> _What the exercise asks_
From the records below, copy out exactly the lines from the one containing "可愛(ài)的盤(pán)發" to the one containing "Игры с машинками", both included. Add nothing else.

> _Data records_

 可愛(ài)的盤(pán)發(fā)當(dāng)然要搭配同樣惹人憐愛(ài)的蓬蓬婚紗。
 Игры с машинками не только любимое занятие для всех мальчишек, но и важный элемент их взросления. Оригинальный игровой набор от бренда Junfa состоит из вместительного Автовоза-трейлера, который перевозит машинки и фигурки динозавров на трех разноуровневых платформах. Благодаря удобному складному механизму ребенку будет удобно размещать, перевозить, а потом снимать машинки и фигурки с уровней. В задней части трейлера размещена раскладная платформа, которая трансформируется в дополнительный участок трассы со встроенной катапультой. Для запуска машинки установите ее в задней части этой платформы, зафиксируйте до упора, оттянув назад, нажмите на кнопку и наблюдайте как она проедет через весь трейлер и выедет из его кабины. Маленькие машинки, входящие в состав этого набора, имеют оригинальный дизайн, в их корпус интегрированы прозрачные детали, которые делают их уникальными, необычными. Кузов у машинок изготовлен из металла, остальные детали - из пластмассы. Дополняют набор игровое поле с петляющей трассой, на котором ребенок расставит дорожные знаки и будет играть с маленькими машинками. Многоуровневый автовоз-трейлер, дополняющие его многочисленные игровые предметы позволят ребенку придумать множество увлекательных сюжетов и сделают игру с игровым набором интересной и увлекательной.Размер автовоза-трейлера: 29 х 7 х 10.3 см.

---

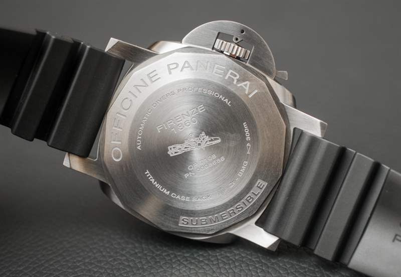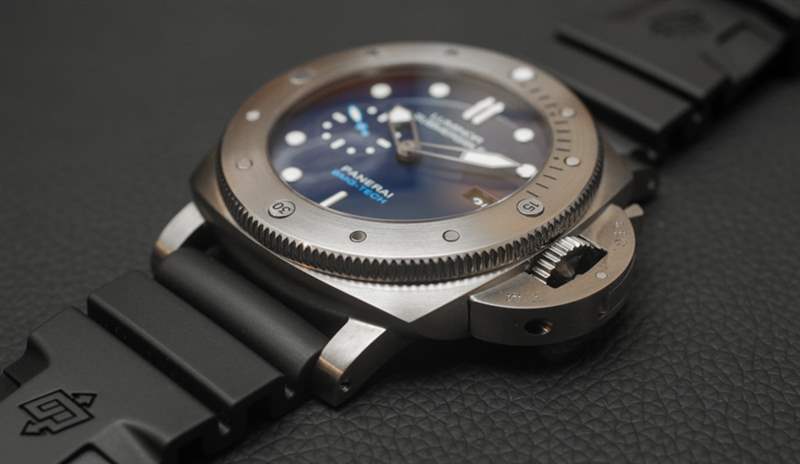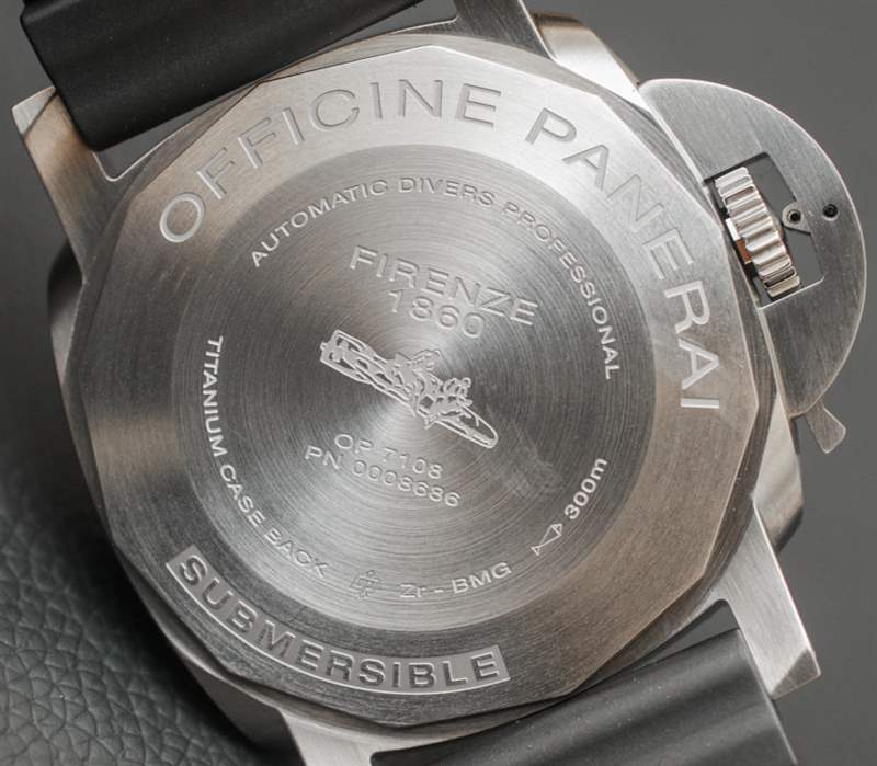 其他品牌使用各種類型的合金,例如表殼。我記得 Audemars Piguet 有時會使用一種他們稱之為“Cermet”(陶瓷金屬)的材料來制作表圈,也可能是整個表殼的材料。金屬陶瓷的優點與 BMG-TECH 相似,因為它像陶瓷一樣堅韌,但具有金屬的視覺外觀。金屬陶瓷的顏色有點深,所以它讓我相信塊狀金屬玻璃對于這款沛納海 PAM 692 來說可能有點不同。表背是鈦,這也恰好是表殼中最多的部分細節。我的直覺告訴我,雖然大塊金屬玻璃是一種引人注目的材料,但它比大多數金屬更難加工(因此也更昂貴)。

> _Written solution_
 可愛(ài)的盤(pán)發(fā)當(dāng)然要搭配同樣惹人憐愛(ài)的蓬蓬婚紗。
 Игры с машинками не только любимое занятие для всех мальчишек, но и важный элемент их взросления. Оригинальный игровой набор от бренда Junfa состоит из вместительного Автовоза-трейлера, который перевозит машинки и фигурки динозавров на трех разноуровневых платформах. Благодаря удобному складному механизму ребенку будет удобно размещать, перевозить, а потом снимать машинки и фигурки с уровней. В задней части трейлера размещена раскладная платформа, которая трансформируется в дополнительный участок трассы со встроенной катапультой. Для запуска машинки установите ее в задней части этой платформы, зафиксируйте до упора, оттянув назад, нажмите на кнопку и наблюдайте как она проедет через весь трейлер и выедет из его кабины. Маленькие машинки, входящие в состав этого набора, имеют оригинальный дизайн, в их корпус интегрированы прозрачные детали, которые делают их уникальными, необычными. Кузов у машинок изготовлен из металла, остальные детали - из пластмассы. Дополняют набор игровое поле с петляющей трассой, на котором ребенок расставит дорожные знаки и будет играть с маленькими машинками. Многоуровневый автовоз-трейлер, дополняющие его многочисленные игровые предметы позволят ребенку придумать множество увлекательных сюжетов и сделают игру с игровым набором интересной и увлекательной.Размер автовоза-трейлера: 29 х 7 х 10.3 см.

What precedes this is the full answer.